Lao PDR climate change institutional assessment (CCIA)
The objective of the Climate Change Institutional Assessment (CCIA) is to analyze the institutional framework for addressing climate change challenges, in the context of the preparation of the World Bank Country Climate and Development Report (CCDR) for the Lao PDR. Lao PDR is highly exposed to climate change due to its dependence on agriculture and hydropower exports, and the high proportion of its population living in flood-prone areas. Key climate risks include rising heat, erratic precipitation, and increasing frequency and severity of floods, droughts, and storms. Climate change is projected to reduce hydropower capacity, alter seasonal output patterns, and raise the risk of dam failure, while limited job opportunities outside agriculture deepen economic and social vulnerability. Against this backdrop, the World Bank's Climate Change Institutional Assessment (CCIA), conducted between November 2024 and February 2025, evaluates the institutional framework through which Laos addresses climate change, focusing on four dimensions: the legal framework, the policy coordination mechanism, climate change in planning documents, and climate considerations in public financial management (PFM).

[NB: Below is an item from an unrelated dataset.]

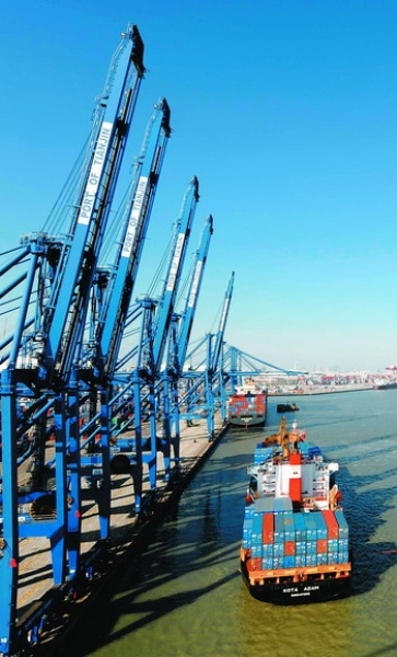改革开放30年来,天津港坚持高起点规划、高水平建设,根据国民经济的需要不断调整港口产业结构和布局,步入了发展速度最快、发展质量最好的时期。这是天津港五洲国际集装箱码头。 新华社记者 杨宗友摄

The findings reveal significant institutional gaps across all four dimensions. The 2019 Prime Minister's Decree on Climate Change provides a foundational legal framework but lacks long-term emission targets, independent oversight, and key policy instruments such as carbon taxation and climate budget tagging, while implementation of its core provisions — including climate vulnerability assessments, the GHG inventory, and the Environmental Protection Fund climate window — remains incomplete. Climate policy coordination is fragmented, with no active multi-stakeholder platform, an inactive National Environment Committee, and limited reporting on NDC implementation, including a Biennial Transparency Report overdue since end of 2024. Planning suffers from a proliferation of strategies lacking prioritization, costing, and clear links to the five-year National Socio-Economic Development Plan. Public financial management practices do not support climate financing, as macro-fiscal forecasts ignore climate risks, public investment management is weak, and state-owned enterprise oversight is insufficient to attract international climate finance. The CCIA recommends a prioritized set of actions — including upgrading the Decree into law, reviving the National Environment Committee, finalizing the National Adaptation Plan, preparing an integrated climate implementation plan, and accelerating Green Climate Fund accreditation — to strengthen Laos' institutional readiness to deliver on its climate commitments.